Infrastructure sector calls on Coalition to convert rhetoric into action

Left to Right: Australian PM Scott Morrison, Downer apprentice Luke Barlow, Downer chief executive Grant Fenn. Photo: Downer

Industry think tank Infrastructure Partnerships Australia has called on the Federal Coalition Government to ensure it keeps to the promises laid out in its 2019 Budget following its surprise election win last week.

The group’s chief executive Adrian Dwyer lauded both Prime Minister Scott Morrison and Opposition leader Bill Shorten for their respective efforts in the election before commenting that the government’s approach to infrastructure would “define the success” of its term.

The Coalition’s funding package includes national initiatives such as a $2.2 billion road safety package; $4 billion urban congestion fund; $2 billion fast rail plan that includes a high-speed link between Geelong and Melbourne, and several further fast rail business cases in eastern Australia; the Melbourne-to-Brisbane Inland Rail project; and the $5 billion Melbourne Airport Rail Link.

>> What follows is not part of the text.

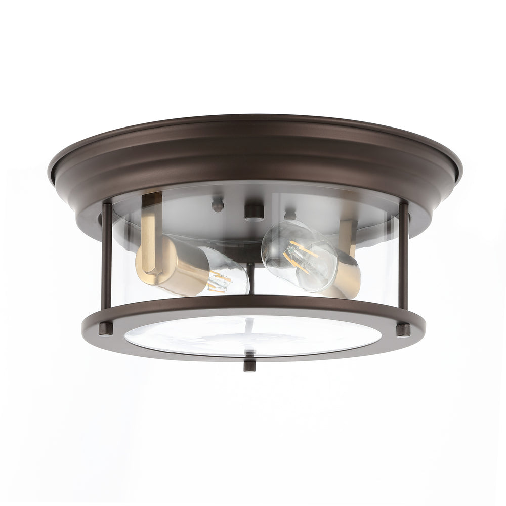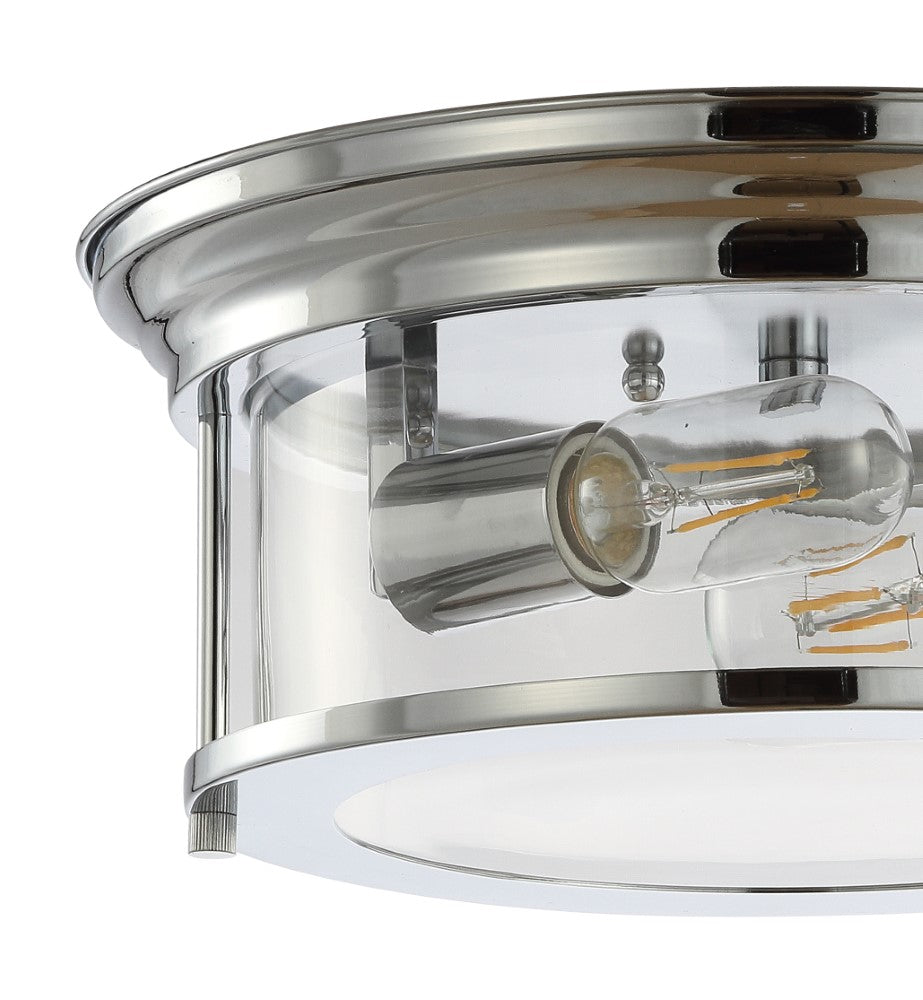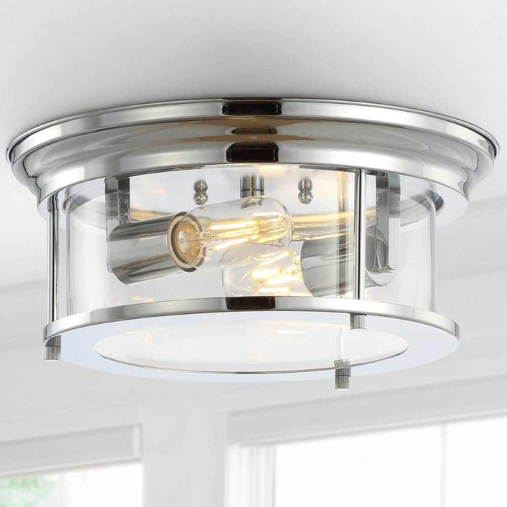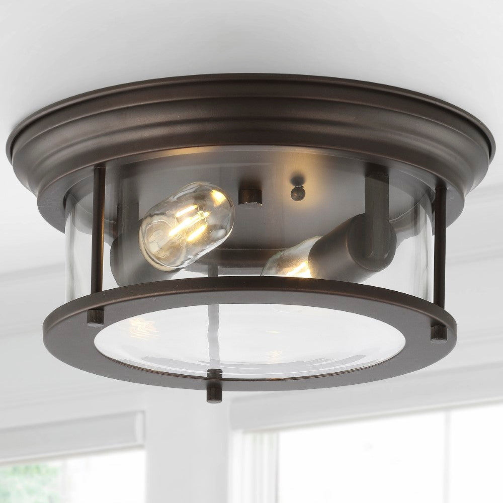 This flush mount puts a refined spin on an industrial-inspired design. The underside is sealed with white glass to cast a soft glow. With 2 light within, its a great fixture for kitchens, bathrooms, and dining areas needing dimmable light.

“The 2019 Budget showed that the Coalition Government takes infrastructure seriously, and now that rhetoric needs to convert into action,” Dwyer said.

“In this new term of parliament there are a number of major issues that will need to be front and centre on the Prime Minister’s infrastructure agenda.”

The Coalition Government has lifted total infrastructure funding to $29.5 billion above forward estimates, and has a long-term plan to raise transport infrastructure investment to $100 billion over the next 10 years.

While Dwyer praised these plans, he added that the Coalition would have to tackle reform challenges such as settling energy policy to end the investment strike, boosting productivity with “big ticket infrastructure reforms” and address road funding concerns.

“The Coalition has already taken the sensible step of reversing the recent decline in funding for critical projects, lifting total infrastructure funding to $29.5 billion over the forward estimates,” Dwyer added.

“Much more however will need to be done to ensure that Australia retains its hard-won reputation as a leader and global standard bearer for sound infrastructure policy.”